Last week I found a nice little undocumented feature of QGIS. I plan on writing documentation, so it won’t stay that way for long but I thought I would post about it first and run though it step by step.

This post is going to be a follow up post based on what Tim Sutton did for the same subject back in 2009 at http://linfiniti.com/2009/11/creating-dynamic-forms-a-new-feature-headed-for-qgis-1-4/

For data entry one feature I really like in QGIS is the automatic feature edit forms with support for textboxs, dropdowns and all sorts of other cool Qt controls to make data entry a breeze.

However one thing that people might not be aware of is that you can have a custom forms for data entry. QGIS will take care of setting all the fields and then saving the values back to your layer.

This could be handy if you want to have say a logo, some validation and maybe some text to help the user fill in the form correctly. Or just a custom form layout because you can.

One thing Tim didn’t follow up on was a post about how to add custom Python logic to the form, which I think is the coolest feature of having these custom forms.

So lets get started.

Creating the custom form

This process is pretty much the same as what Tim outlined in his blog post however I’m going to go over it again for completeness.

In order to create the custom form you will need to install Qt Desinger. For windows I haven’t found a way to just install the desinger although if you have QGIS installed it is normally installed with the Qt framework and can be found at C:\OSGeo4w\bin\designer.exe. If you’re on Linux you can run something like

sudo apt-get install qt4-designer

Ohh how I wish windows had a package management system :(

Fire up Qt Desinger and select “Dialog with Buttons Bottom”.

Lets throw on a couple of Labels and a few Line Edits for the data. Now set the form to use a Grid Layout (Right Click on empty space on form->Layout->Layout in Grid).

Now the trick in making a custom form for QGIS is naming the object the same as the field. So I my case I have a road layer with the following fields.

- Segment_ID
- Parcel_ID
- Name
- Alias_Name
- Locality
- Parcel_type

For my custom form I only care about Segment_ID and Name, so my form looks like:

Custom form in Qt Designer

Note that I have set the read only property of the Segment ID line edit to True so that it can’t be edited. I don’t want people messing around with the ID.

As I said above the tick is in the naming so right click on each line edit and select Change objectName, naming each line edit using the same name as the field. For me the first control is called Segment_ID and the other is called Name.

Make sure the objects are the same name as the field.

Save the form into a new folder, I have put mine in C:\Temp\Roads. Jump back into QGIS, load the properties dialog for the layer. Select the General tab and set Edit UI to the new form .ui file.

Setting the edit form UI file.

Save and exit the properties window. Enable the layer for editing (or not) and select an object with the Identify Feature tool.
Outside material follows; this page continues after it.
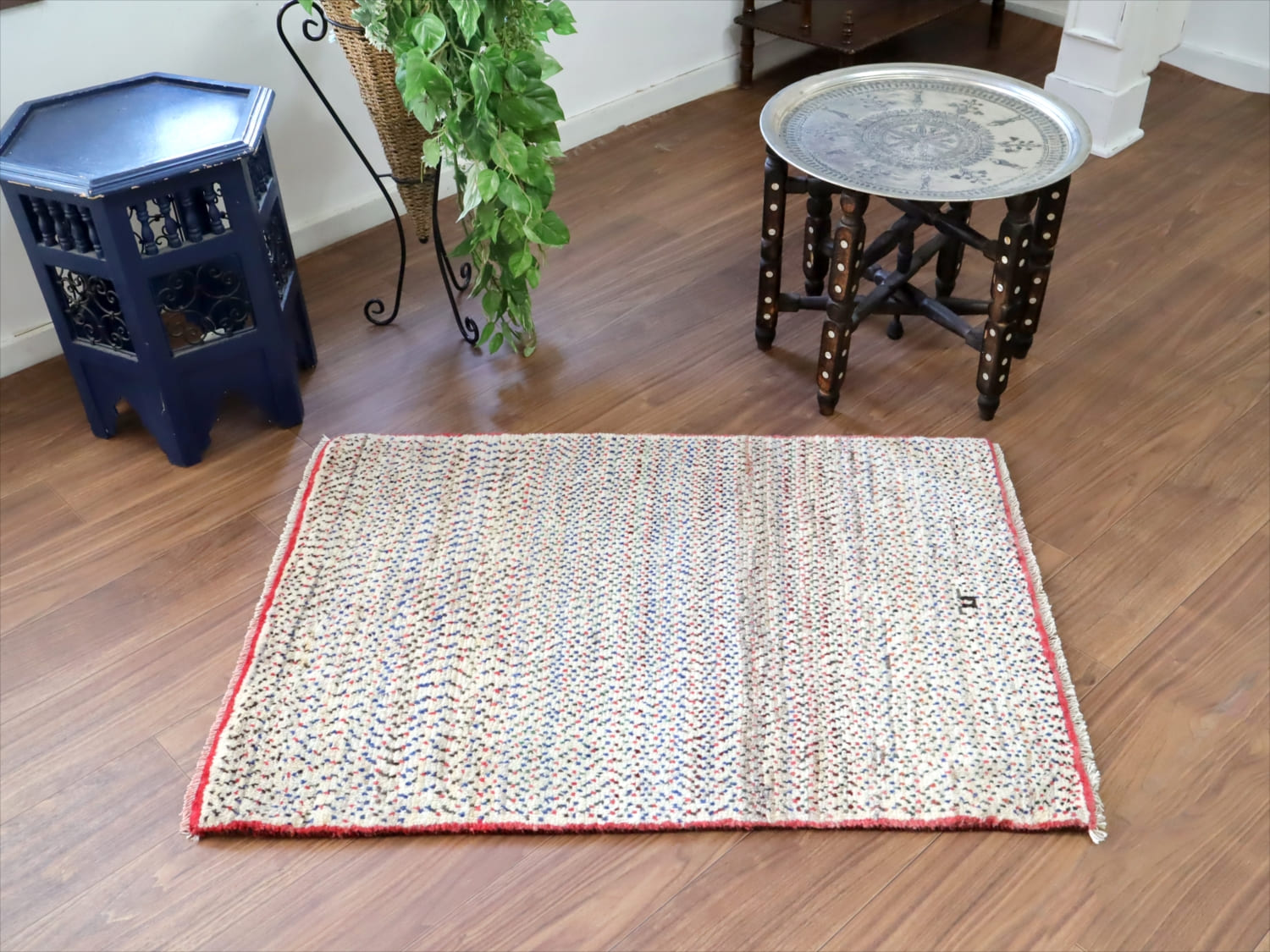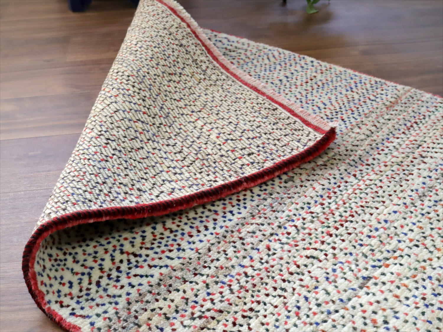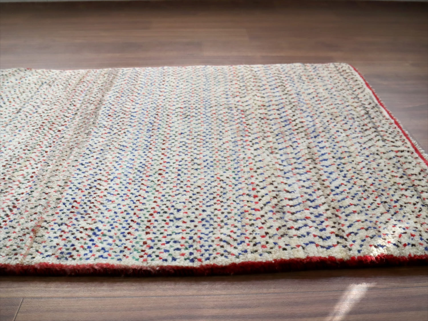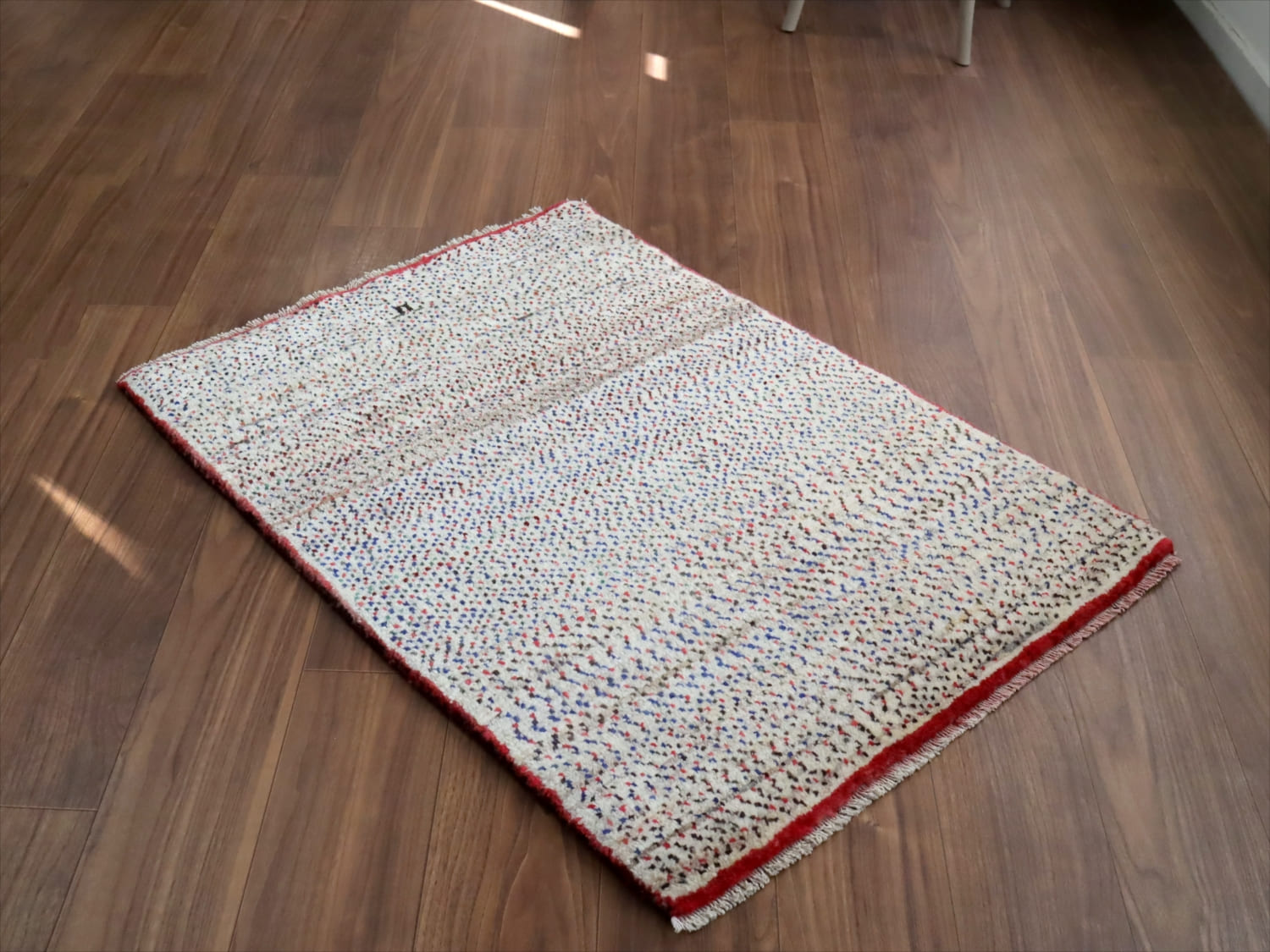 天然の羊毛の色をベースに、赤、青の小さなドットが全面に織り込まれています。ドットの密度が、途中で変化していてユニークです。周囲に赤いラインが入っているのも、洒落ていますね。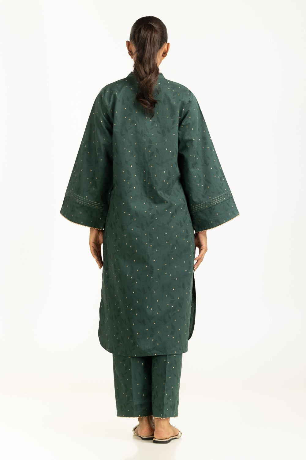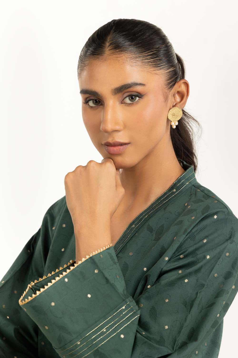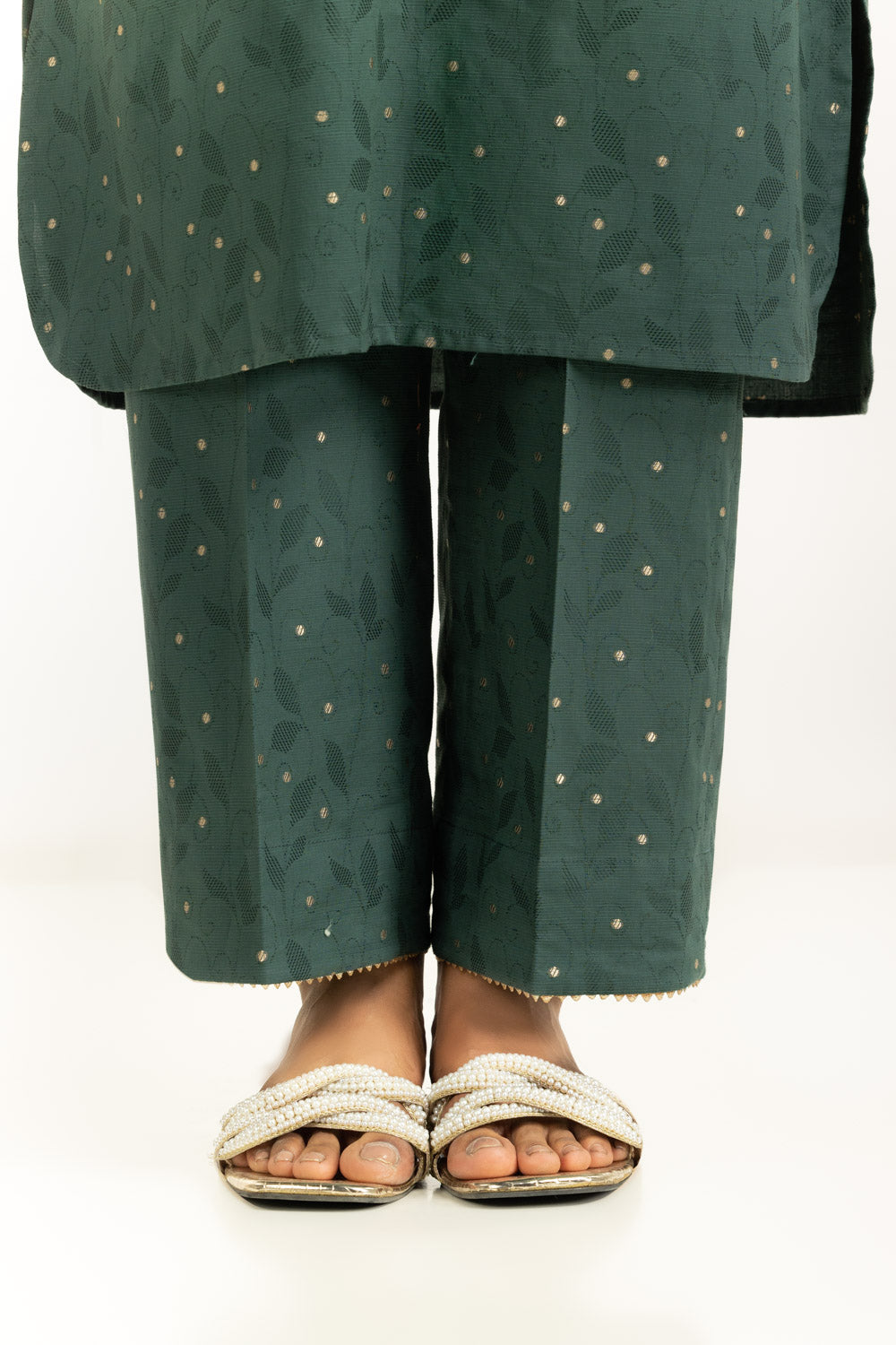 Enjoy the warmth of this Denier Jacquard Co-ord set, featuring a sophisticated bottle green color and a comfortable regular fit. The fabric's inherent texture adds a subtle, feminine touch to this contemporary winter staple. It's a functional and breezy option for maintaining style and comfort all day.

Woot! Custom edit form in QGIS.

Magic! As I’m in edit mode any changes I make to the Name line edit will be reflected back on the layer (but not the Segment ID as it’s read only). If you are in non-edit mode then you are given the custom form with everything disabled and a cancel button.

With Python validation and custom logic.

Now creating a custom form like above is pretty cool although having some custom Python validation behind it would be even cooler.
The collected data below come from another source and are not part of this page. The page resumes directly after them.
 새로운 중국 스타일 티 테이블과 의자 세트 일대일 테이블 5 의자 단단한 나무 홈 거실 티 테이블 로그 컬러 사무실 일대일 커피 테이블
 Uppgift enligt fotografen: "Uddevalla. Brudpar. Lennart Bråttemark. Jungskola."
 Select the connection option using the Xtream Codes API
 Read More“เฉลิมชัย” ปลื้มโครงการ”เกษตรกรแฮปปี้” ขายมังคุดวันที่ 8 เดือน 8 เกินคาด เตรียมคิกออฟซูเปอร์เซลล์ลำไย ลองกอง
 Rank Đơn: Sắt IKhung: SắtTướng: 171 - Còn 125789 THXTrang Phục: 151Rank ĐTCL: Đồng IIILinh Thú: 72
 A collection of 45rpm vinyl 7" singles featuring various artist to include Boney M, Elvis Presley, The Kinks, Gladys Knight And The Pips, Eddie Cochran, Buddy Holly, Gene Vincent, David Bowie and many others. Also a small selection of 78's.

What I want to do is add some validation to the Name field so the user can’t enter null road names.

First save your QGIS project (as the Python code runner will look where the project is saved for the Python module). Again I have saved mine in C:\Temp\Roads as Roads.qgs. Now lets make a new python file in your favourite text editor and add the following code.

from PyQt4.QtCore import *
from PyQt4.QtGui import *

nameField = None
myDialog = None

def formOpen(dialog,layerid,featureid):
	global myDialog
	myDialog = dialog
	global nameField
	nameField = dialog.findChild(QLineEdit,"Name")
	buttonBox = dialog.findChild(QDialogButtonBox,"buttonBox")

	# Disconnect the signal that QGIS has wired up for the dialog to the button box.
	buttonBox.accepted.disconnect(myDialog.accept)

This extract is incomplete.